The Unicode Bug is about utf8 vs non-utf8 encoding having different
semantics, so no, this wouldn't be resurrecting it. But it is kind of
like the Unicode bug, where addition of a new character to the class
would suddenly change the behavior of the class for non-obvious and not
really related reasons.
I would prefer a more uniform approach of what I've said before, or we
just exclude this one code point always for 5.14. But I think your
approach is much better than releasing 5.14 as-is.
(And BTW, in 5.16 I think it would be something like "use re folding X"
where X is one of "simple" "full" "nfd", nfkd, etc.)
In thinking about this some more, given the bug that Nicholas found that
affects all multi-character folds, not just \xdf, in character classes,
I think it would be best to just not offer any of them in 5.14.
Tom Christiansen
2011-04-30 21:31:23 UTC
Permalink
Post by Karl Williamson
In thinking about this some more, given the bug that Nicholas found that
affects all multi-character folds, not just \xdf, in character classes,
I think it would be best to just not offer any of them in 5.14.
You mean undo something that's been there since 5.8?

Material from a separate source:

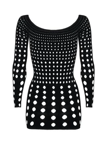 De zwarte Rocker jurk geeft je kracht en zorgt ervoor dat je je super sexy voelt! De jurk is een netwerk van perfect ontworpen gaten die je lichaam flatteren en je figuur accentueren. De blote schouders en lange mouwen benadrukken de jurk en maken hem uniek en onherhaalbaar.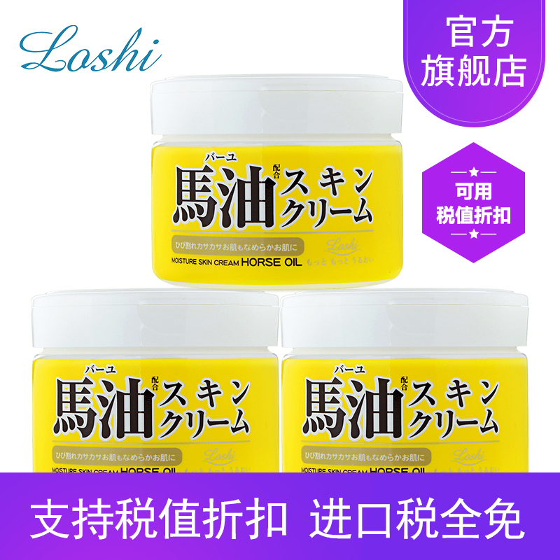 的热门产品日本进口Loshi北海道马油面霜乳霜 全能补水保湿滋润抗敏止痒 3盒

% perl5.8.0 -le 'print "\x{1FB2}" =~ /\x{1FB2}/i || 0'
1
% perl5.8.0 -le 'print ucfirst("\x{1FB2}") =~ /\x{1FB2}/i || 0'
1
% perl5.8.0 -le 'print uc("\x{1FB2}") =~ /\x{1FB2}/i || 0'
1

I suppose that, after a great deal of consideration and testing,
there might be a way to eventually withdraw them for 5.16. (I
also don't think we should, but I'll leave that for then.)

But I don't see how it can be done between an RC1 and an RC2.
It seems completely against what I understand freezes to mean.

Or did you mean something else?

--tom
Nicholas Clark
2011-04-30 22:00:28 UTC
Permalink
Post by Tom Christiansen
Post by Karl Williamson
In thinking about this some more, given the bug that Nicholas found that
affects all multi-character folds, not just \xdf, in character classes,
^^^^^^^^^^^^^^^^^^^^
Post by Tom Christiansen
Post by Karl Williamson
I think it would be best to just not offer any of them in 5.14.
You mean undo something that's been there since 5.8?
% perl5.8.0 -le 'print "\x{1FB2}" =~ /\x{1FB2}/i || 0'
1
% perl5.8.0 -le 'print ucfirst("\x{1FB2}") =~ /\x{1FB2}/i || 0'
1
% perl5.8.0 -le 'print uc("\x{1FB2}") =~ /\x{1FB2}/i || 0'
1
Or did you mean something else?
I think you missed the "in character classes" part of Karl's thought.
Your examples don't use []


I'm still not sure *what* I think.

But *if* a class consisting of a single character is always equivalent to a
literal of that character (ie /[a]/ is /a/, /[ß]/ is /ß/, /[ß]/i is /ß/i,
etc), one of the things I'm not about is whether it's better to say "no
multi character folds in character classes" or "no multi character folds in
character classes, except classes consisting of exactly one character". I
think (I think) that it's useful to maintain that explicit correspondence,
as (IIRC) Yves worked to get the engine to optimise /[a]/ to /a/ and /[.]/ to
/\./, as it was a common idiom in some circles to use regexp character class
syntax as an alternative to backslash quoting.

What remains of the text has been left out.